At this point you have reached the limit of my knowledge. The best
person to help is Mathias Nyman, the xHCI maintainer (CC'ed).

For some reason stopping the command ring fails, ring is stopped by writing a
bit in a register, hardware is supposed to clear another bit in the same register
when ring is stopped.
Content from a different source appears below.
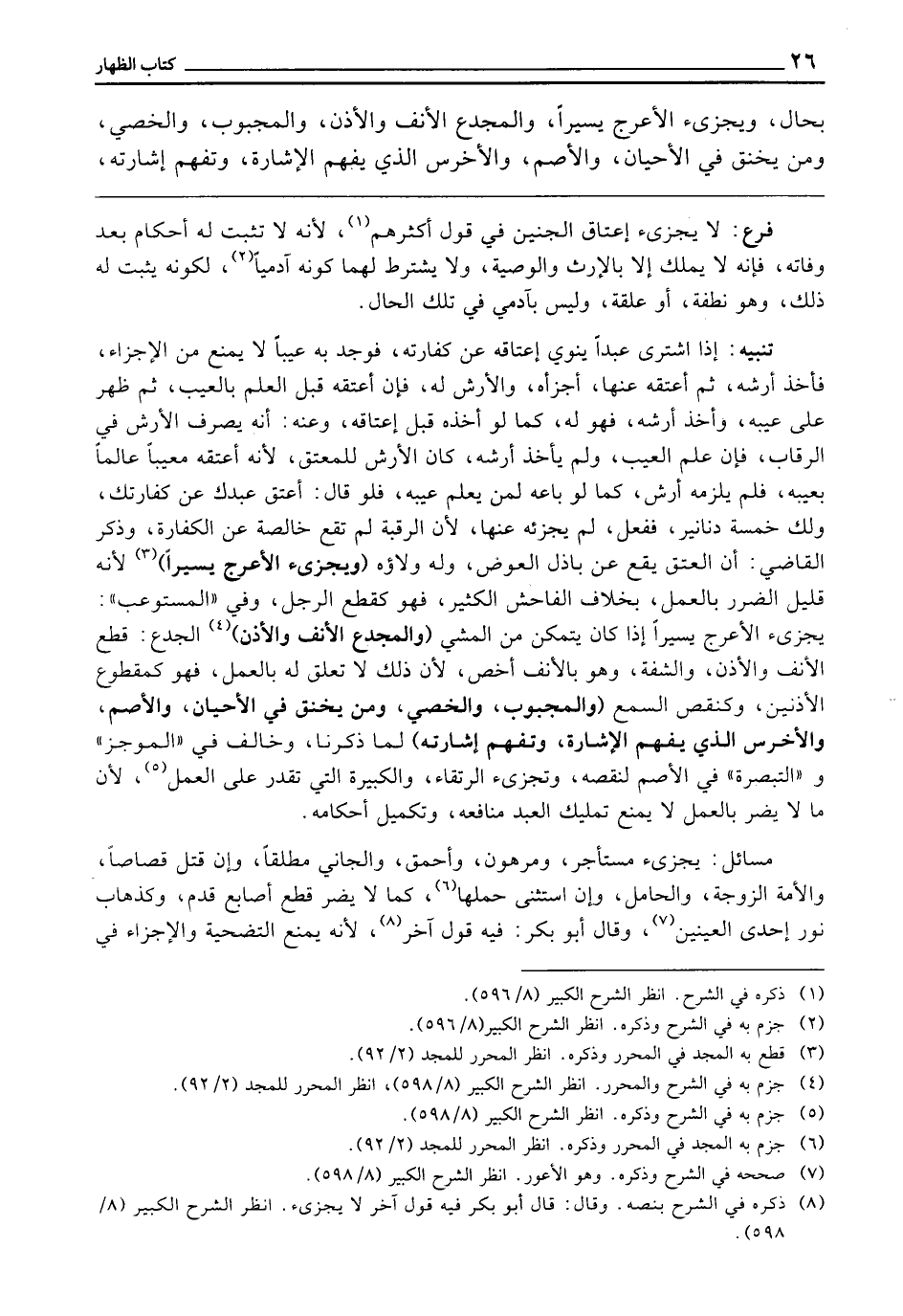 (وَيُجْزِئُ الْأَعْرَجُ يَسِيرًا) لِأَنَّهُ قَلِيلُ الضَّرَرِ بِالْعَمَلِ، بِخِلَافِ الْفَاحِشِ الْكَثِيرِ، فَهُوَ كَقَطْعِ الرِّجْلِ، وَفِي " الْمُسْتَوْعِبِ " يُجْزِئُ الْأَعْرَجُ يَسِيرًا إِذَا كَانَ يَتَمَكَّنُ مِنَ الْمَشْيِ. (وَالْمُجْدَعُ الْأَنْفِ وَالْأُذُنِ) الْجَدْعُ قَطْعُ الْأَنْفِ، وَالْأُذُنِ، وَالشَّفَةِ، وَهُوَ بِالْأَنْفِ أَخَصُّ ; لِأَنَّ ذَلِكَ لَا تَعَلُّقَ لَهُ بِالْعَمَلِ، فَهُوَ كَمَقْطُوعِ الْأُذُنَيْنِ وَكَنَقْصِ السَّمْعِ (وَالْمَجْبُوبِ، وَالْخَصِيِّ، وَمَنْ يُخْنَقُ فِي الْأَحْيَانِ، وَالْأَصَمُّ، وَالْأَخْرَسُ الَّذِي يَفْهَمُ الْإِشَارَةَ وَتُفْهَمُ إِشَارَتُهُ) لِمَا ذَكَرْنَا. وَخَالَفَ فِي " الْمُوجَزِ " وَ " التَّبْصِرَةِ " فِي الْأَصَمِّ لِنَقْصِهِ، وَتُجْزِئُ الرَّتْقَاءُ، وَالْكَبِيرَةُ الَّتِي تَقْدِرُ عَلَى الْعَمَلِ لِأَنَّ مَا لَا يَضُرُّ بِالْعَمَلِ لَا يَمْنَعُ تَمْلِيكَ الْعَبْدِ مَنَافِعَهُ وَتَكْمِيلَ أَحْكَامِهِ.

We poll for the second bit immediately after writing the first.
If second bit is not cleare after 5 seconds we bail out.

It could be that hardware never clears the bit.

You said you had two android phones connected, and both were restarting.
It could be a race in the command ring stopping code.

Can you reproduce this xhci with only one android device connected?